Extract all repos metadata

Run the crawl command to extract all repositories metadata and save in a .json file.

python -m mirror.cli crawl \
  --crawldir $MIRROR_CRAWL_DIR \
  --interval $MIRROR_CRAWL_INTERVAL_SECONDS \
  --min-rate-limit $MIRROR_CRAWL_MIN_RATE_LIMIT \
  --batch-size $MIRROR_CRAWL_BATCH_SIZE

Extract repos metadata via search api

Say you need to extract only a small pool of repositories for analysis then you can set more precise criteria that you need via search command.

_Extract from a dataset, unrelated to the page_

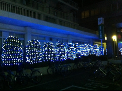 写真は戸田市こどもの国前から戸田中央総合病院へと続く道途上にあるイルミネーション。気温が下がり澄み切った空気の中でとても美しい光を放っています。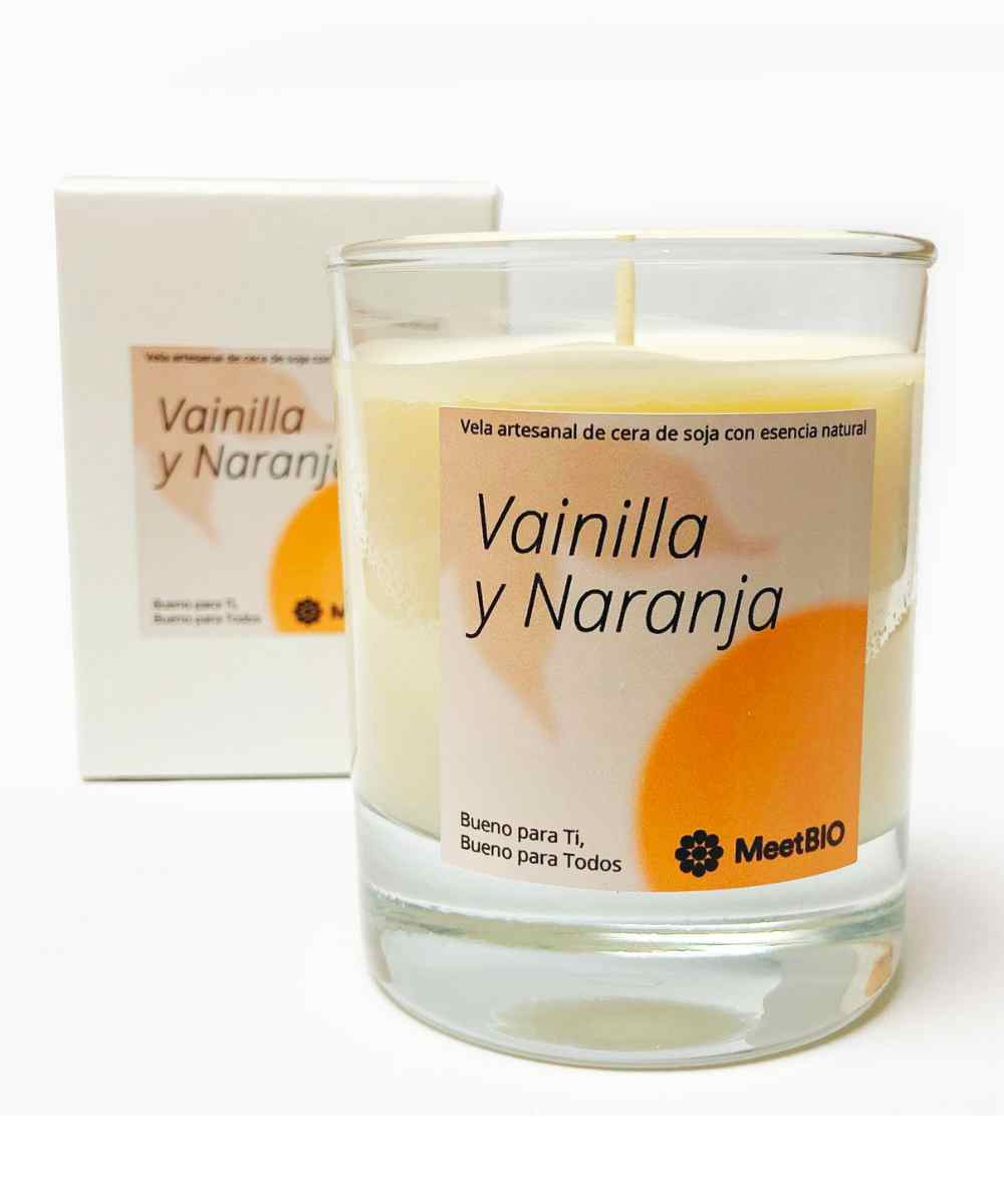 Vela de cera de soja artesanal con esencia natural de vainilla y naranja.

python -m mirror.cli search --crawldir "$MIRROR_CRAWL_DIR/search" -L "python" -s ">500" -l 5

Clone repos to local machine for analysis

The clone command uses the standard git clone to extract search results of repositories and clones to local machine.

Clone from search

python -m mirror.cli clone -d $LANGUAGES_DIR -r "$MIRROR_CRAWL_DIR/search"

Clone from crawl

python -m mirror.cli clone -d $LANGUAGES_DIR -r "$MIRROR_CRAWL_DIR"

Structure of $LANGUAGES_DIR directory:

> $LANGUAGES_DIR
  > language 1
    > repo 1
    > repo 2
    ...
  > language 2
    > repo 1
    > repo 2
    ...
  ...

Also, there is possibility to upload popular repositories with python code. See example in ex_clone.py

Create commits from repo search

Command commits extract all commits from repository and save .json files with commits for each repository.

python -m mirror.cli commits -d "$MIRROR_CRAWL_DIR\commits" -l 5 -r "$MIRROR_CRAWL_DIR/search"

Convert json data to csv for analysis

It creates .csv file with flat json structure.

python -m mirror.github.utils --json-files-folder "$MIRROR_CRAWL_DIR" --output-csv "$MIRROR_CRAWL_DIR/output.csv" --command commits

Generate snippets dataset from downloaded repo

python -m mirror.github.generate_snippets -r "$OUTPUT_DIR" -f "examples/languages.json" -L "$LANGUAGES_DIR"

Workflow of generate snippet dataset from prepered file with languages and they extentions

  1. Create search result
python -m mirror.cli search -d "$MIRROR_CRAWL_DIR/search" -f $MIRROR_LANGUAGES_FILE -s ">500" -l 5
  1. Clone repos from search result it's take time and maybe good idea not add stdout from git clone to terminal.
python -m mirror.cli clone -d $LANGUAGES_DIR -r "$MIRROR_CRAWL_DIR/search"
  1. Generate snippets
python -m mirror.cli generate_snippets  -d $SNIPPETS_DIR -r $LANGUAGES_DIR

It return sqlite db with snippets and they metadata.

For use accross allrepos result clone and commits have option argument

 --start-id --end-id

parameters must be set togrther. That id add for ability processing part of repo from allrepos result.